The President will make the final decisions regarding filling vacated positions and any needed reorganization.

What are the deadlines to make my decision?

You must sign a non-binding election form which indicates your intent to retire and your desired option by November 15, 2013.

Once the election form is received by Elaine Vance, a Voluntary Retirement Agreement will be drafted for your signature which will outline the terms of your separation and retirement from the University. The Voluntary Retirement Agreement must be picked up by November 22, 2013.  This legally binding agreement should be signed and hand-delivered to Human Resources no later than December 13, 2013.

Why were these dates selected?

For accounting reasons we need to follow the announced dates so the impact will occur within the current fiscal year. We believe we have provided sufficient time for eligible individuals to obtain information from Human Resources Services and advice from their private advisors as necessary.

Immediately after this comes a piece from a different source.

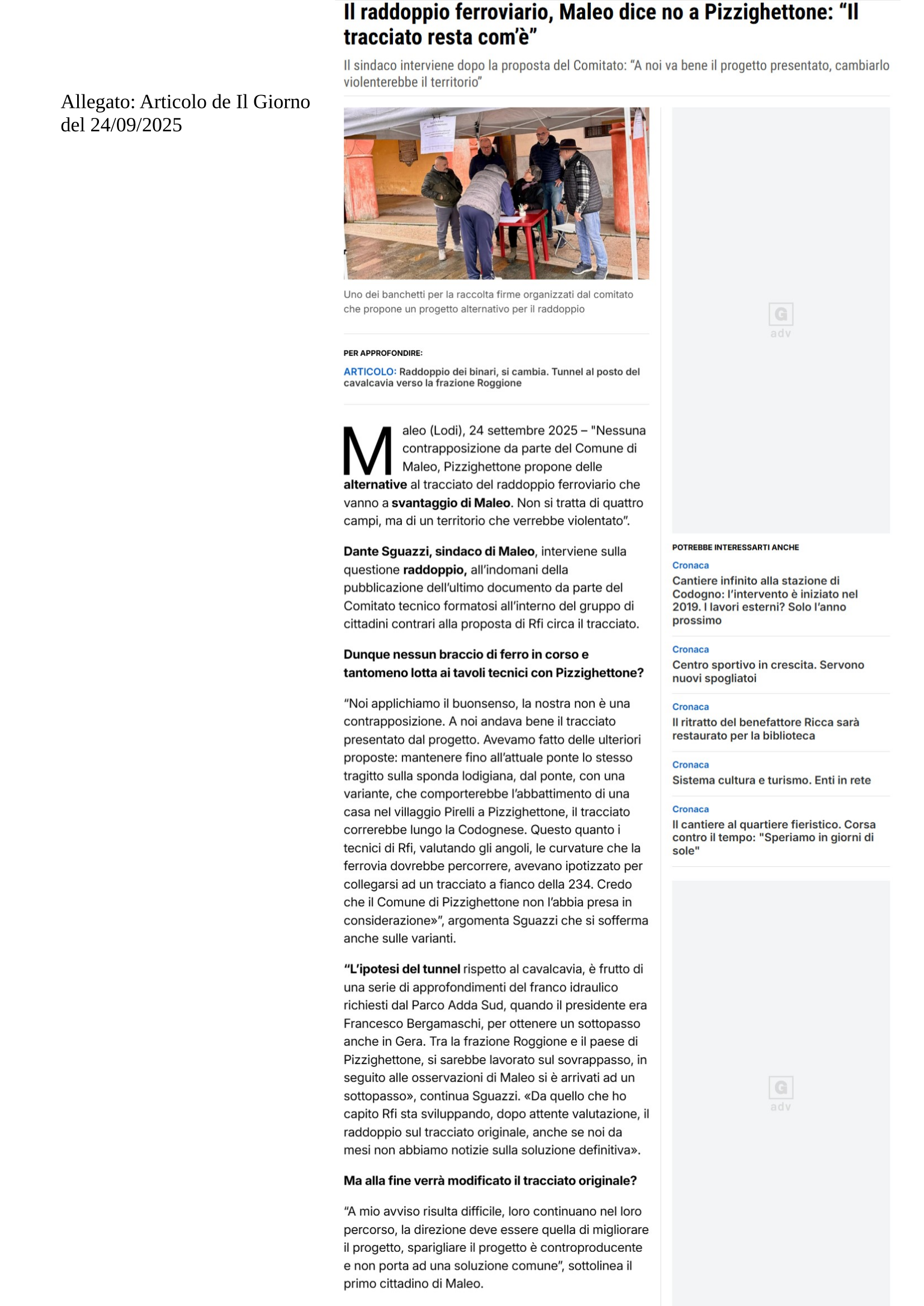 La petizione e il tema del raddoppio ferroviario ha avuto un richiamo mediatico notevole sui mezzi di informazione locale, di seguito una rassegna stampa di questi ultimi mesi

Where do I find the election form?

The form is available on the Human Resources web page at this link or in the main Human Resources Services Office (College Hall, Room 106).  The election form may be returned directly to Elaine Vance in College Hall, Room 115 or sent through email as a PDF attachment.

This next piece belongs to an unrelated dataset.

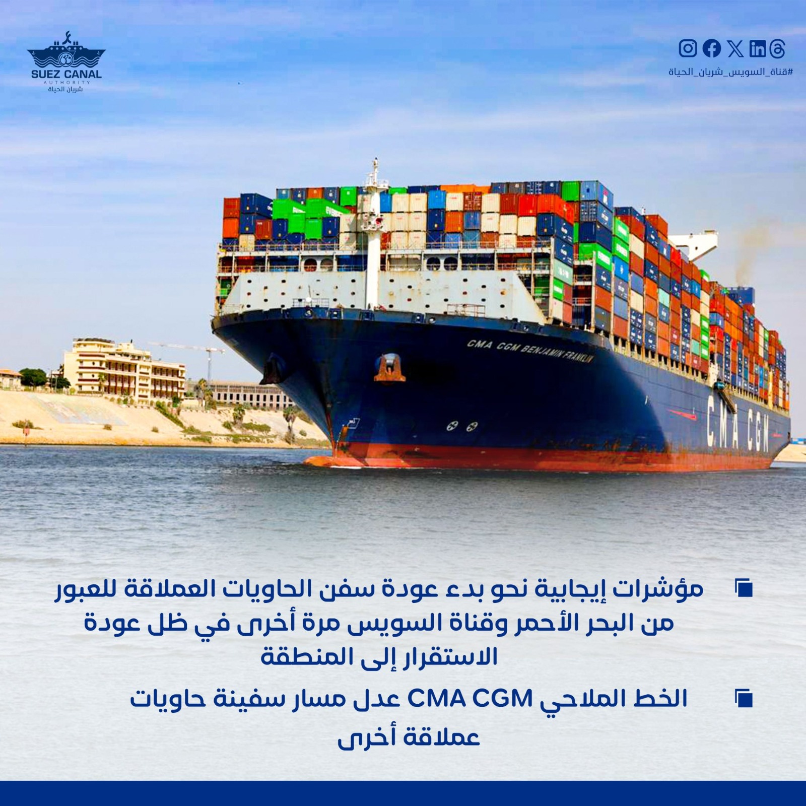 من جانبه، أكد الفريق أسامة ربيع رئيس هيئة قناة السويس أن عبور سفينة الحاويات CMA CGM BENJAMIN FRANKLIN للقناة ثم من مضيق باب المندب يعد مؤشرا إيجابيا نحو بدء عودة سفن الحاويات العملاقة للعبور من قناة السويس مرة أخرى في ظل عودة الاستقرار إلى منطقة البحر الأحمر.

If I retire under the Voluntary Retirement Agreement can I be rehired at a later date?

You may not be rehired into a regular full-time or part-time status appointment. Temporary appointments, such as an adjunct faculty, will follow the regulations for re-employed annuitants as required by the Office of Personnel Management.

Who may I contact for more information or retirement calculations?

  • Christina Shen-Austin V/VP 202-250-2419
  • Agnes Muse VP 202-250-2942 or V x5111
  • Elaine Vance VP 202-250-2284 or V x5352

What happens to my annual and sick leave balance?

If you have an annual leave balance at the time of retirement, a lump sum payment (up to the allowable maximum) will be provided to you within 30 days of the retirement date. 

If you have a sick leave balance at the time of retirement, the balance will be added to your service time for the purpose of calculating your CSRS or FERS annuity.

What happens to my benefits?

Many benefits continue into retirement, others do not. It will be important for you to schedule an appointment with Human Resources Services before your retirement date, preferably 30 days in advance.

Will this program be offered again in the future?

There is no commitment to future incentive programs.